Rupiah Terangkat Faktor Eksternal: Analisis Kekuatan Sementara dan Prospek Pasar

Rupiah Terangkat Faktor Eksternal: Analisis Kekuatan Sementara dan Prospek Pasar

Nilai tukar Rupiah menunjukkan penguatan terhadap Dolar Amerika Serikat (AS) sejak penutupan perdagangan pada Kamis, 17 April 2025. Data terkini menunjukkan Rupiah berada pada level Rp 16.877 per Dolar AS pada Jumat, 18 April 2025, kemudian terus menguat hingga mencapai Rp 16.807 per Dolar AS pada Senin, 21 April 2025, berdasarkan kurs referensi Jakarta Interbank Spot Dollar Rate (Jisdor) Bank Indonesia (BI). Penguatan ini menarik perhatian para pelaku pasar dan analis ekonomi untuk mengkaji lebih dalam faktor-faktor pendorong serta prospek Rupiah ke depannya.

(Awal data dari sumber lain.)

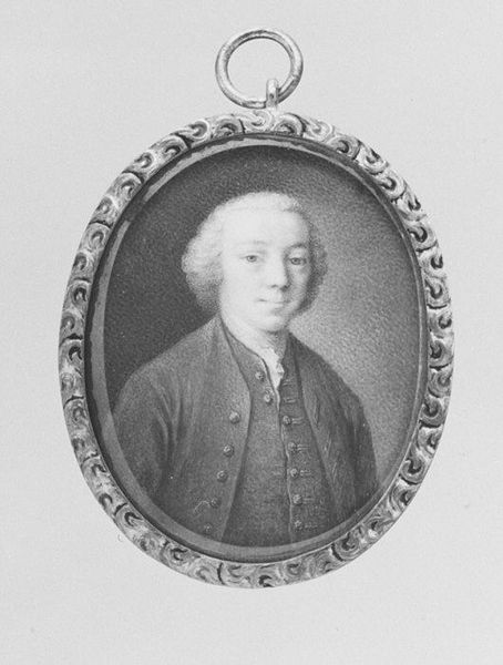 George Engleheart created this miniature portrait of an unknown man. The oval composition, measuring just 7 by 5.6 centimeters, is striking in its formal restraint and tonal harmony. Predominantly rendered in shades of gray, the subject's attire provides a stark contrast to the lighter background. The careful modulation of light across the face draws our attention to his gaze. Engleheart's technique, characterized by fine brushwork, achieves a remarkable level of detail within such a small format, adhering to the conventions of portraiture of that time. There is a clear emphasis on clarity and definition. This work reflects the historical and cultural context of portraiture, where representing social status and individual identity was crucial. The miniature format suggests intimacy, intended for personal contemplation rather than public display. The detailed rendering and controlled composition underscore a sense of order, yet the sitter's piercing gaze engages with the viewer, inviting ongoing interpretation.
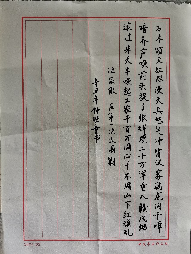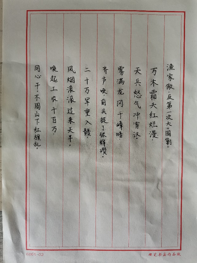 党员们拿起手中的硬笔或毛笔,书写经典诗歌《渔家傲·反第一次大“围剿”》,一笔一划中,感受反第一次大“围剿”胜利的喜悦,致敬经典。书写结束后,大家一起朗诵《渔家傲·反第一次大“围剿”》 。为深入理解,党员们还一起学习了相关历史背景知识,以此深化对于经典的认识。最后,大家共同分享自己的感受与学习心得。
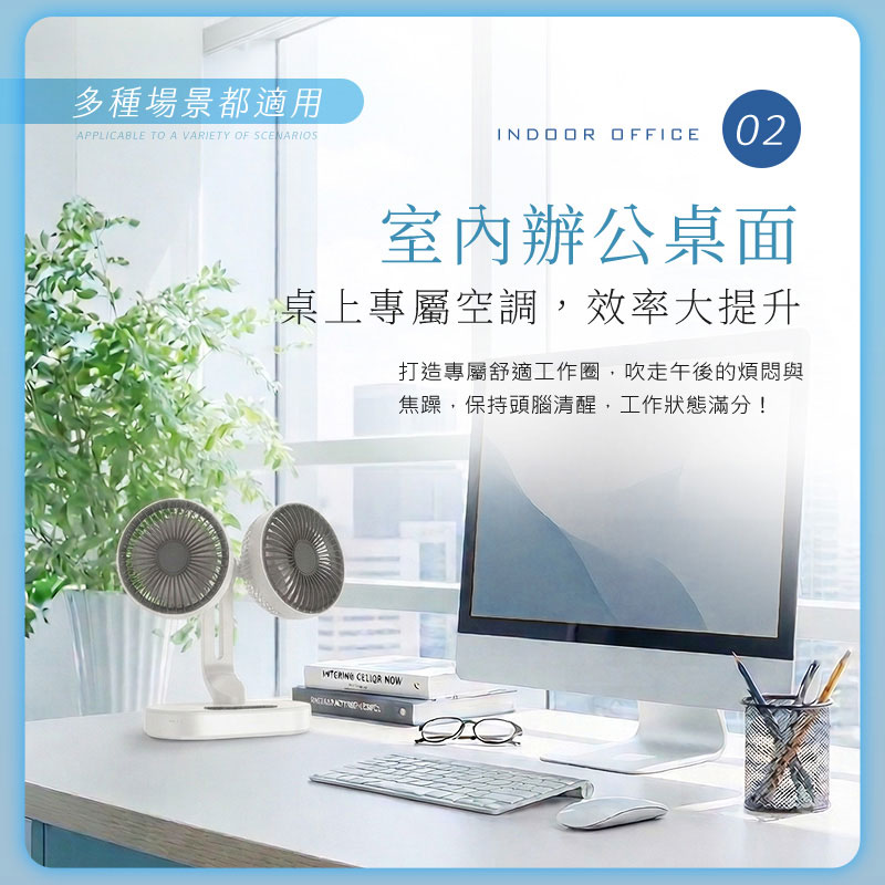 2. 270° 靈活摺疊出風:支架可 90° 調整,風扇頭可 270° 旋轉,不論是直立送風、對角循環還是摺疊收納,完全不受限。

Faktor Pendorong Penguatan Rupiah

Menurut pengamat pasar uang Ariston Tjendra, penguatan Rupiah sejalan dengan tren penguatan mata uang lainnya di kawasan Asia. Pada hari Senin, beberapa mata uang regional mencatatkan kinerja positif, di antaranya:

  • Yen Jepang: Menguat 1,04 persen
  • Won Korea Selatan: Menguat 0,40 persen
  • Peso Filipina: Menguat 0,20 persen
  • Ringgit Malaysia: Menguat 0,97 persen
  • Yuan China: Menguat 0,15 persen
  • Baht Thailand: Menguat 0,89 persen
  • Rupee India: Menguat 0,33 persen
  • Dolar Singapura: Menguat 0,66 persen
  • Dolar Taiwan: Menguat 0,71 persen

Ariston menjelaskan bahwa penguatan mayoritas mata uang Asia ini didorong oleh melemahnya Dolar AS. Sentimen negatif terhadap Dolar AS muncul setelah pernyataan Presiden AS saat itu, Donal Trump, yang meminta Bank Sentral AS (The Fed) untuk segera memangkas suku bunga acuan. Pernyataan tersebut dianggap sebagai bentuk intervensi terhadap independensi Bank Sentral. Selain itu, kenaikan suku bunga acuan di tengah perang dagang dinilai berpotensi memperburuk kondisi perekonomian AS.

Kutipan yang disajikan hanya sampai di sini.